I often wonder at the short-termist thinking of those who say things like this: as Mary rightly points out, it wouldn’t stay that way for long.

In particular, birth rates always fall as a society approaches its carrying capacity. For agrarian societies this was almost entirely a function of how much grain the land could produce. Modern societies have other limits, including living space and living standards, but the principle remains the same.

Despite the undoubtedly sincere worrying of feminists, families have always found ways to control their reproduction when necessary. That happened in agrarian societies, it happens today, and it will happen in the future, whatever it may look like.

Besides all which, a significant fall in the human population would be no bad thing. Throughout human history population falls have been a natural and necessary way for living standards to improve. We have not escaped the cycle of history, and we should look to the coming population adjustment with equanimity.

jim payne
jim payne
3 years ago
Reply to  chrisjwmartin

Is the fact that birthrates are only falling in developed countries?
It would seem in some less developed countries, births continue as before and as the “12 Century” impoverished women, can have little help to slow down their rate of pregnancies.

chrisjwmartin
chrisjwmartin
3 years ago
Reply to  jim payne

No, birth rates have fallen starkly in nearly all of the developing world too. Not as much as the developed world, but still a big fall.

Steve Gwynne
Steve Gwynne
3 years ago
Reply to  chrisjwmartin

https://www.bbc.co.uk/news/

What about Africa?
The population of sub-Saharan Africa is expected to treble in size to more than three billion people by 2100.

And the study says Nigeria will become the world’s second biggest country, with a population of 791 million.

As such, we can expect to see diminishing national populations supplemented by mass migrations from Africa.

Brian Dorsley
Brian Dorsley
3 years ago

Most Western left-wing politics is designed to reduce population growth: abortion, LGBQT lifestyles, feminism etc. My wife and I have considered having children, but are put off by the costs, the ‘need’ to have a job, and simply the hard work of it all.
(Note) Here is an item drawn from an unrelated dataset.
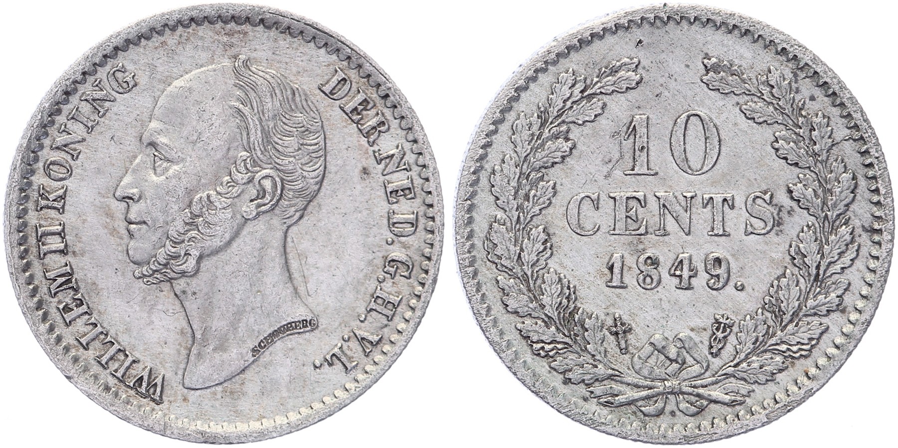 10 Cents 1849 mmt. zwaard Sch. 535. Punt achter jaartal Ruim zeer fraai

Many of my friends have children but seem to regard them as a ‘mini-me’ or a lifestyle accessory. Occasionally I indulgently wonder if I’m missing out on some wonderful experience until the moment I hear the shrill ear-splitting shriek of a two-year old in the grocery store.

Anton Nadal
Anton Nadal
3 years ago
Reply to  Brian Dorsley

Left-wing politics are not designed to reduce population growth. They are designed to give individuals the right of choice over their lifestyles. The birth rate in the West is not declining as a result of lrft wing politics (if only because there are but few left wing governments around). Heterosexual families are the norm. Try looking in the precariousness that forty years of neoliberalism has imposed in the lives of the people who depend on jobs for subsistence, you’ll find a more logical explanation there. I’m not discounting other cultural factors that may shape young people’s expectations.

Matthew Powell
Matthew Powell
3 years ago

Rapidly falling birth rates may not be an existential threat but they certainly are a financial one.
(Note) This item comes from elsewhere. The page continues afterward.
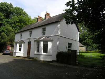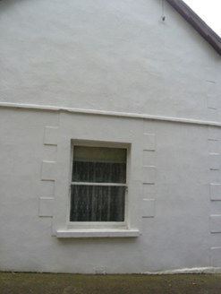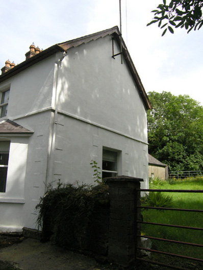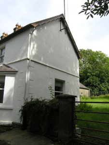 Detached three-bay two-storey house, built 1913, bay windows flanking entrance to front, single-storey return to rear. Pitched slate roof with clay ridge tiles, oversailing eaves with decorative saw-tooth to oversailing barges, central pair of brick chimneystacks with cornice and octagonal chimney pots with stepped collars to top, brick chimneystack to return, cast-iron rainwater goods. Ruled-and-lined rendered walls over plinth course, raised render quoins to front elevation, string course below first floor windows, smooth rendered walls to rear elevation. Square-headed door and window openings. Canted bay windows with continuous sill and cornice below hipped slate roofs. Stucco block-and-start surrounds to windows in ground floor of gables. One-over-one timber sash windows to ground and first floors. Render Gibbsian surround to entrance, with six-panelled raised-and-fielded panelled door and glazed overlight. Single-storey outbuilding to north at roadside with pitched slate roof and central chimneystack, ruled-and-lined rendered walls with plinth course.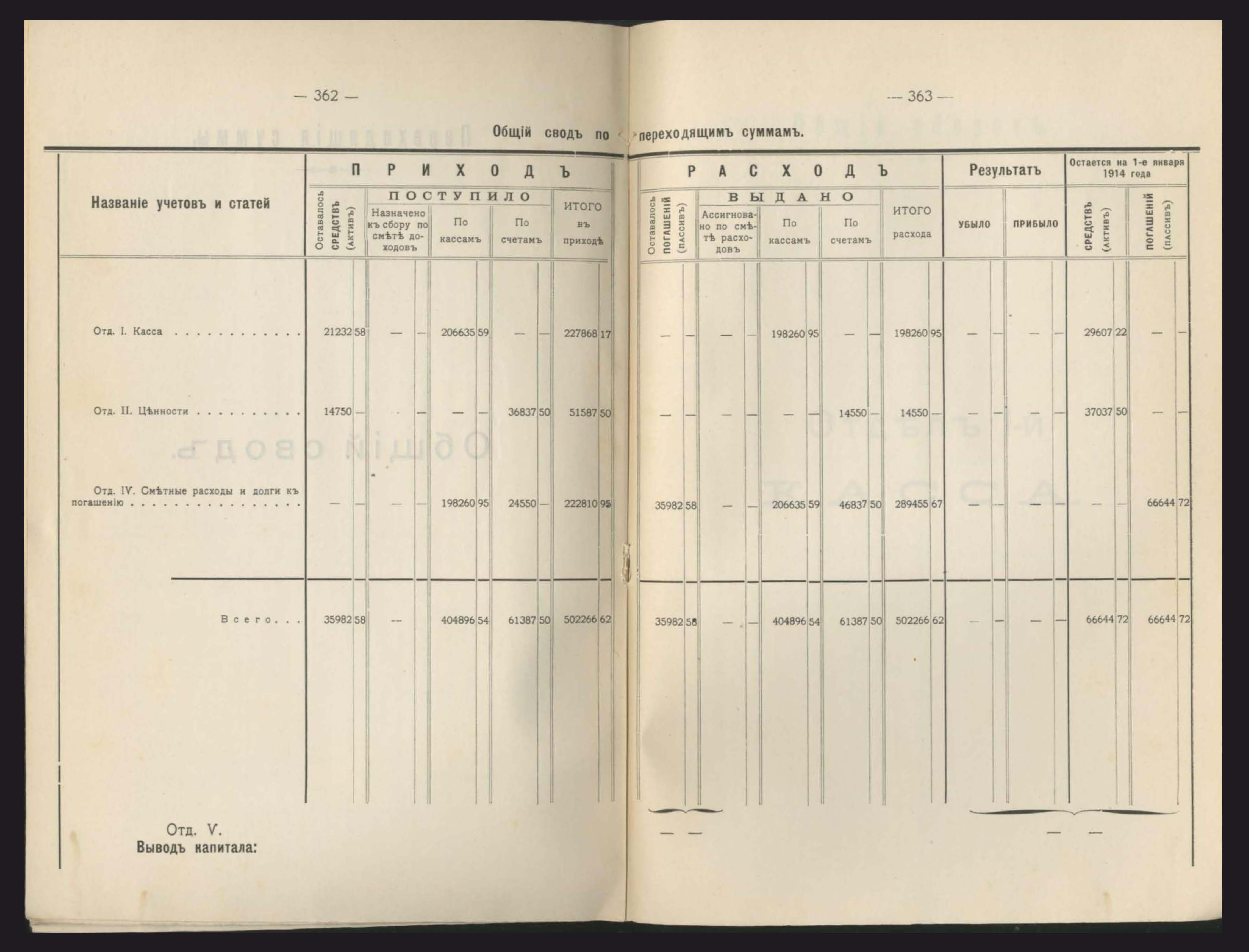 219. Общій оборотъ кассы по всемъ капиталамъ

Our savings only make up part of our pensions, the rest is made up of from the continued economic growth of the next generation and as such pensions are reliant on keeping the dependant to worker ratio low enough to be able to afford them. Increase this ratio too quickly and pensions will become unaffordable, which is exactly what happens when the birth rate declines rapidly, as it is now.

Immigration can mitigate this but it is effectively a ponzi scheme. You will need more migration tomorrow than you did today to sustain the same dependant to worker ratio, so migration would have to increase infinitely to sustain the ratio you started with.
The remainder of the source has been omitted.